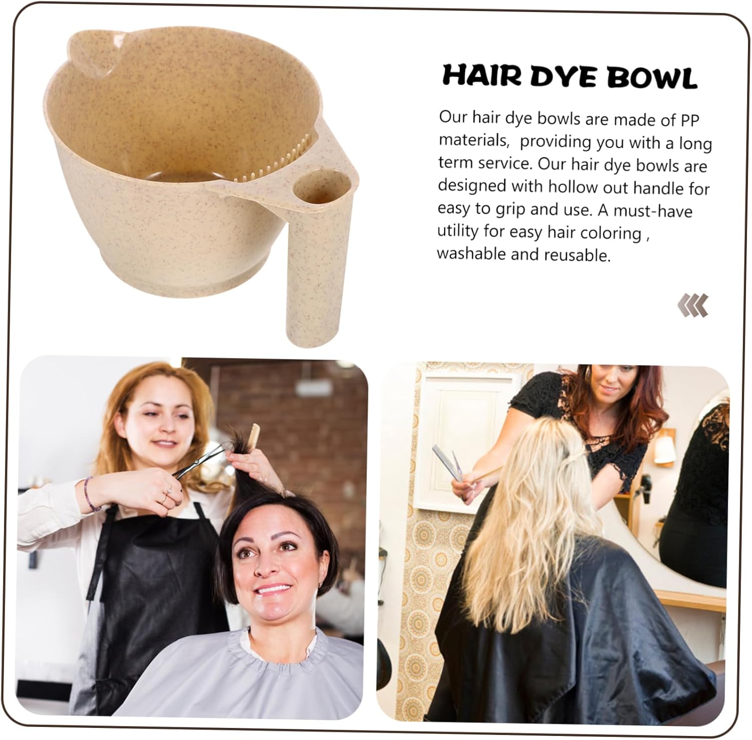 Package List 2 x hair dye bowlsCharacteristics - Size: 17.00X9.00X8.00cm/6.68X3.54X3.14in tint bowl- Color: Beige hair color kit-Material:PP tinting bowl- Each hair tinting bowl features an ergonomic handle design which provides a comfortable grip color bowls for hair salon.- Our hair dye bowls are for salon, hairdressing, DIY, home dyeing, highlights, or others color mixing bowls for hair salon.- Mixing bowl is made of PP material, sturdy and , ensuring durability and dependability color bowls.- These color bowls can be used multiple times, essential accessory for DIY hair coloring mixing bowls with handles.- You can clean the hair dye bowls without too much effort and time, rinse it with clean water hair dye mixing bowl with handle.Goods Descriptionmixing bowls with handles A must-have utility for easy hair coloring , washable and reusable.hair dye bowl Our hair dye bowls are designed with hollow out handle for easy to grip and use.hair tinting bowl Our hair dye bowls are made of PP materials, hard, wear-resistant and , providing you with a long term service
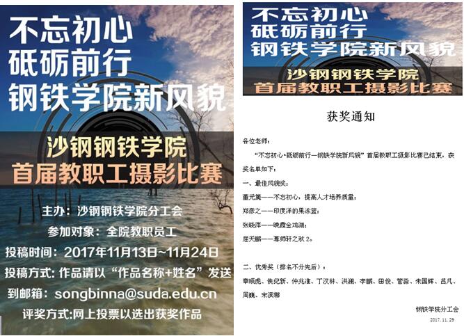 为喜迎党的十九大胜利召开,展现沙钢钢铁学院教职工生活中的人文精神之美,形成弘扬社会主义核心价值观的校园氛围,沙钢钢铁学院分工会近日举办了“不忘初心▪砥砺前行—钢铁学院新风貌”首届教职工摄影比赛。
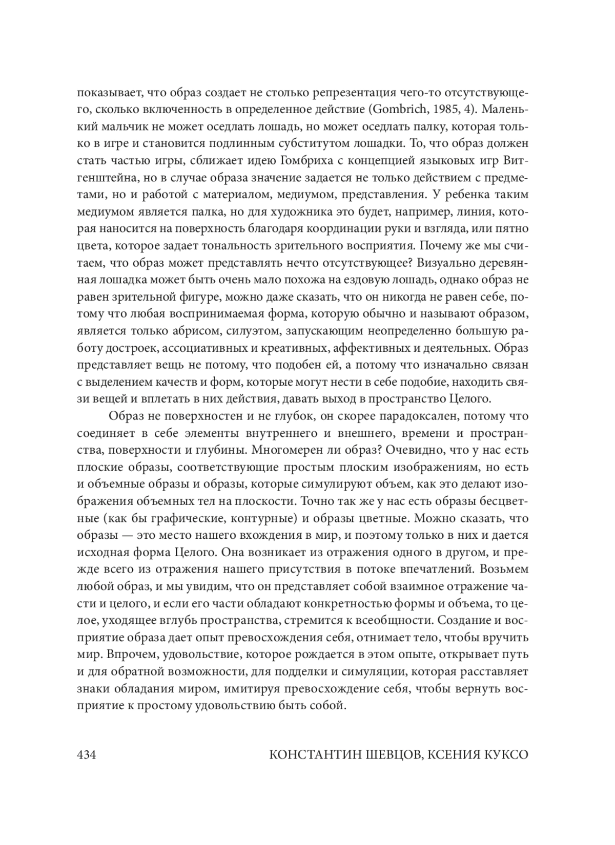 Здесь показателен стереоскопический эффект. Наложение образов, воспринимаемых правым и левым глазом, само по себе ничего не говорит о переживании объема, но если мы учтем, что один из этих образов всегда обладает качеством размытости, тогда как второй за счет наложения обретает бóльшую определенность, то мы поймем, что переживание объема рождается вместе с самим восприятием, переходом от относительной размытости образа к определенной фигуре. Не удивительно тогда, что переживание глубины по-настоящему захватывает дух — будь то объем живого пространства или иллюзорная глубина картины, в которой взгляд находит для себя идеальное осуществление, своего рода идеальное тело. Вот почему переживание объема и глубины дает не только опыт реального, но и форму возрастания чувственности, возможность выражения себя и удовольствие от игры, которая связывает выражение чувства с его интенсивностью.
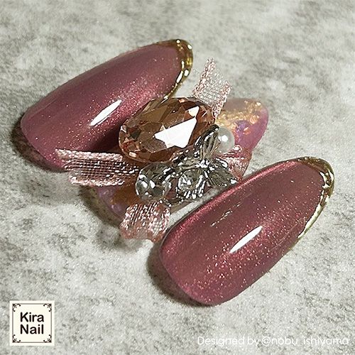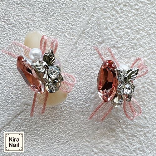大きいストーンとリボンを中心にクリアストーン、パール、バタフライパーツがバランス置かれた3Dパーツパーツです。
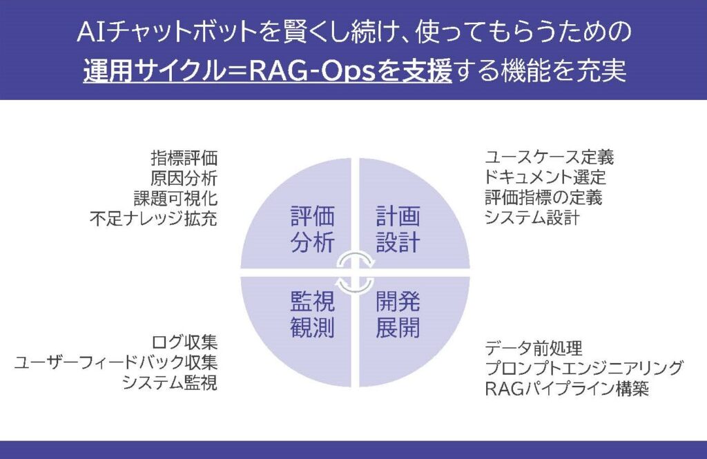 そこで『Omi!Chat』が設計思想として採用しているのが、近年AI運用の要として注目される「RAG-Ops(ラグ・オプス)」という概念です。AIチャットボットを導入するだけでなく、それを「育てやすく、管理しやすい」ための機能を充実させました。
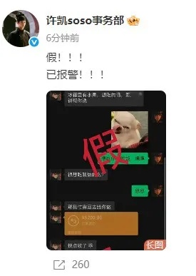 8月22日,许凯工作室打假网传聊天记录,称:“假!!!已报警!!! ”
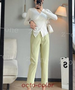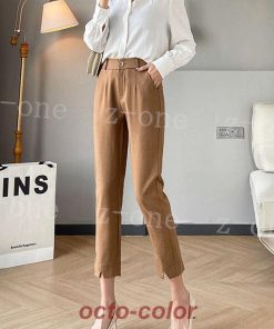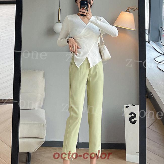 センタープレス入りのクロップド丈で美脚効果も抜群です。
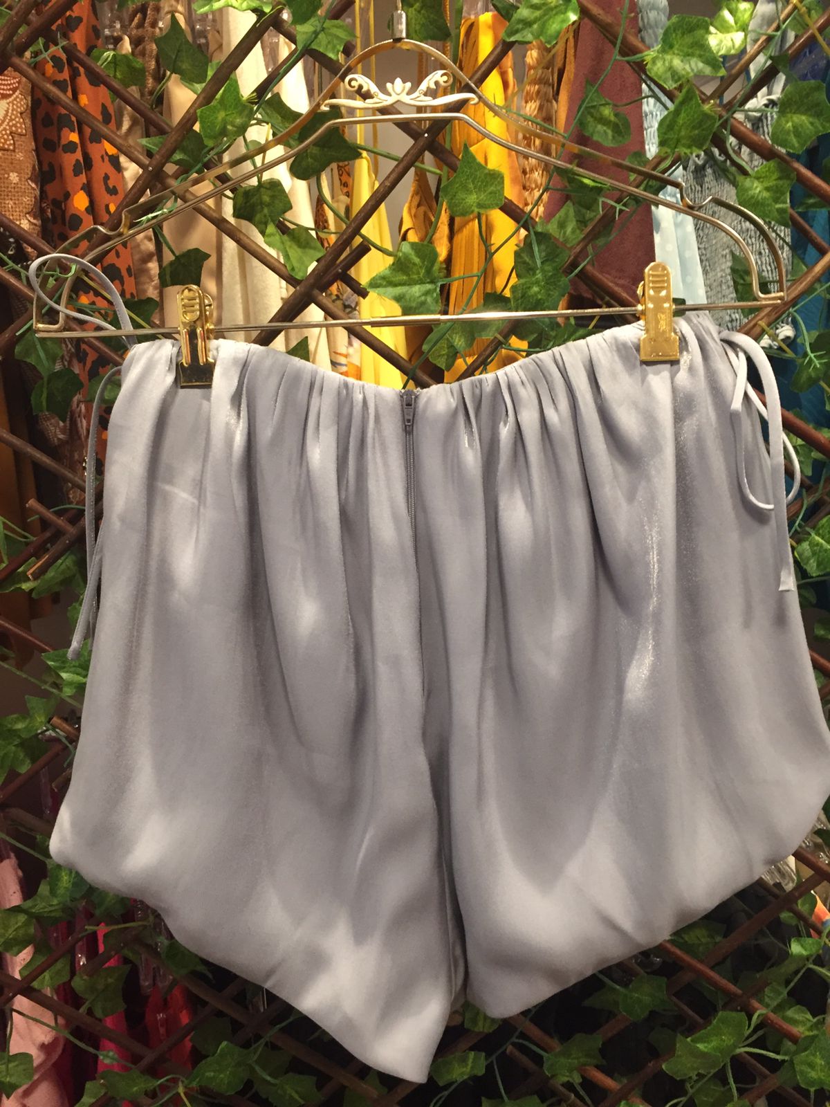 Drapping com um volume delicado compõem nosso delicado Short Halu, produzido no tecido Victoria twill que possui um foil com um brilho discreto e lindo, amarração lacinho spaghete na lateral.

**Task description**: Transcribe only the lines above that start at the line containing "Здесь показателен стереоскопический" and end at the line containing "大きいストーンとリボンを中心". Omit pictures.

**Exercise response**:
 Здесь показателен стереоскопический эффект. Наложение образов, воспринимаемых правым и левым глазом, само по себе ничего не говорит о переживании объема, но если мы учтем, что один из этих образов всегда обладает качеством размытости, тогда как второй за счет наложения обретает бóльшую определенность, то мы поймем, что переживание объема рождается вместе с самим восприятием, переходом от относительной размытости образа к определенной фигуре. Не удивительно тогда, что переживание глубины по-настоящему захватывает дух — будь то объем живого пространства или иллюзорная глубина картины, в которой взгляд находит для себя идеальное осуществление, своего рода идеальное тело. Вот почему переживание объема и глубины дает не только опыт реального, но и форму возрастания чувственности, возможность выражения себя и удовольствие от игры, которая связывает выражение чувства с его интенсивностью.
大きいストーンとリボンを中心にクリアストーン、パール、バタフライパーツがバランス置かれた3Dパーツパーツです。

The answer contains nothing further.